The engagement of Martha Ellen Sayre, the only daughter of Rear Admiral and Mrs. James B. Sayre, USN, to First Lieutenant Gregory J. Culhane, USMC, elder son of Vice Admiral and Mrs. Andrew J. Culhane, USN, was announced at the traditional Admiral's New Year's Day Reception.
It was a triple celebration. Admiral Sayre announced jovially at midnight when he was getting just a little flushed in the face: It was the new year, 1941, and that was always a good excuse for a party; he had finally managed to unload his daughter, who was getting to be at twenty-one a little long in the tooth; and her intended, even if he was a Marine, could now afford to support her, because as of midnight he had been made a first lieutenant.

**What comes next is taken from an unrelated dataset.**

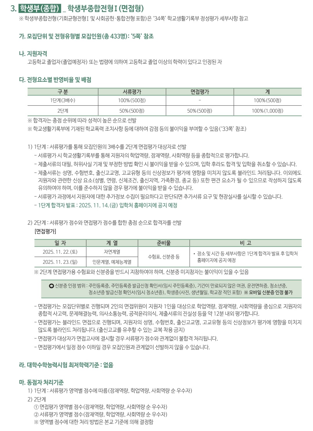 서류평가(1단계)로 3배수를 선발한 뒤, 서류 50% + 면접 50%로 최종 합격자를 가립니다. 면접은 지원자의 학업 역량, 잠재 역량, 사회 역량 등을 종합적으로 확인하는 과정입니다.
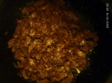 Отправьте нарезанные желудки в сковороду с овощами. Перемешайте и жарьте всё вместе в течение 10 минут. Затем добавьте соль, черный молотый перец по вкусу и иные специи по желанию.

Greg and Martha Culhane were married in an Episcopal service at the station chapel at Pensacola on July 1, 1941, the day after he was graduated as a Naval aviator. It was a major social event for the air station, and indeed for the Navy. Seventeen flag and general officers of the Navy and Marine Corps (and of course their ladies) were in the chapel for the ceremony. And twelve of Greg's buddies (nine Marines and three swabbies) from flight school, in crisp whites, held swords aloft over the couple as they left the chapel.
Despite secret plans (carefully leaked to the enemy) that the young couple would spend their wedding night in Gainesville, they actually went no farmer than a suite in Pensacola's San Carlos Hotel. And the next morning, they drove down the Florida peninsula to Opa-locka, where Greg had been ordered for final training as a fighter pilot.
That lasted about two months. They had a small suite in the Hollywood Beach Hotel, which was now a quasi-official officers' hotel. Martha spent her days playing tennis and golf and swimming, and Greg spent his learning the peculiarities of the Grumman F4F-3 fighter.